The cost-effectiveness of trivalent and quadrivalent influenza vaccination in communities in South Africa, Vietnam and Australia

Affiliations

The cost-effectiveness of trivalent and quadrivalent influenza vaccination in communities in South Africa, Vietnam and Australia

Pieter T de Boer et al. Vaccine. .

Abstract

Background: To inform national healthcare authorities whether quadrivalent influenza vaccines (QIVs) provide better value for money than trivalent influenza vaccines (TIVs), we assessed the cost-effectiveness of TIV and QIV in low-and-middle income communities based in South Africa and Vietnam and contrasted these findings with those from a high-income community in Australia.

Methods: Individual based dynamic simulation models were interfaced with a health economic analysis model to estimate the cost-effectiveness of vaccinating 15% of the population with QIV or TIV in each community over the period 2003-2013. Vaccination was prioritized for HIV-infected individuals, before elderly aged 65+ years and young children. Country or region-specific data on influenza-strain circulation, clinical outcomes and costs were obtained from published sources.
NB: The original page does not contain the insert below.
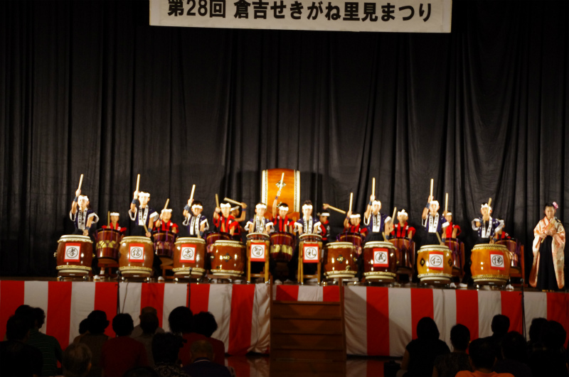 | 2013/08/24 鳥取県歯科医師会「会員フェスティバル」で、元気のいい演奏をしました。 元気のいい演奏でしたね。 8月24日夕方6時30分より、ホテルセントパレス倉吉にて 鳥取県歯科医師会「会員フェスティバル」がありました。東部、西部からも歯医者さんが参集です。 打吹童子ばやしは、開会セレモニーを終えて、懇親会の前に地域の芸能として演奏を披露しました。 MATSURI羽衣→うたげ を演奏しました。 元気のいい声、勢いのある演奏でお客様を圧倒しました。 今日のために、2尺4寸(浅野太鼓)の大太鼓を持っていきました。やぐらソロはとってもいい響きをしていましたね。 10分の演奏時間なので少々インパクト的には物足りない気がしますが、子ども達は一生懸命演奏しました。 演奏後には大きな拍手をいただきました。「すごいねえ。すごいねえ。」お客様から子ども達はいっぱい声をかけられていました。 出演機会を与えてくださった中部歯科医師会並びに鳥取県歯科医師会の皆様ありがとうございました。 また自信になりましたね。もっともっと練習して、たくさんの方にもっとすごいところを見せてあげましょうね。 来週は、9月1日に「倉吉せきがね里見まつり」です。22期メンバーでの初披露です。 |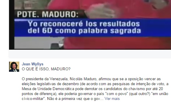 No entanto, mesmo diante de uma atitude positiva a ser reconhecida, nem tudo são flores; Jean Wyllys tem um limite em sua dose súbita de lucidez. Ele não quer que sejam negados “os avanços sociais conquistados pelo povo mais pobre desse país (a Venezuela) durante os governos de Chávez” e denuncia o absurdo de que a “situação dos pobres volta a piorar”, enquanto “a ‘boliburguesia’ (a nova burguesa amiga do governo bolivariano) não para de enriquecer”.

The societal perspective was used and outcomes were expressed in International$ (I$) per quality-adjusted life-year (QALY) gained.

Results: When compared with TIV, we found that QIV would provide a greater reduction in influenza-related morbidity in communities in South Africa and Vietnam as compared with Australia. The incremental cost-effectiveness ratio of QIV versus TIV was estimated at I$4183/QALY in South Africa, I$1505/QALY in Vietnam and I$80,966/QALY in Australia.

Conclusions: The cost-effectiveness of QIV varied between communities due to differences in influenza epidemiology, comorbidities, and unit costs. Whether TIV or QIV is the most cost-effective alternative heavily depends on influenza B burden among subpopulations targeted forvaccination in addition to country-specific willingness-to-pay thresholds and budgetary impact.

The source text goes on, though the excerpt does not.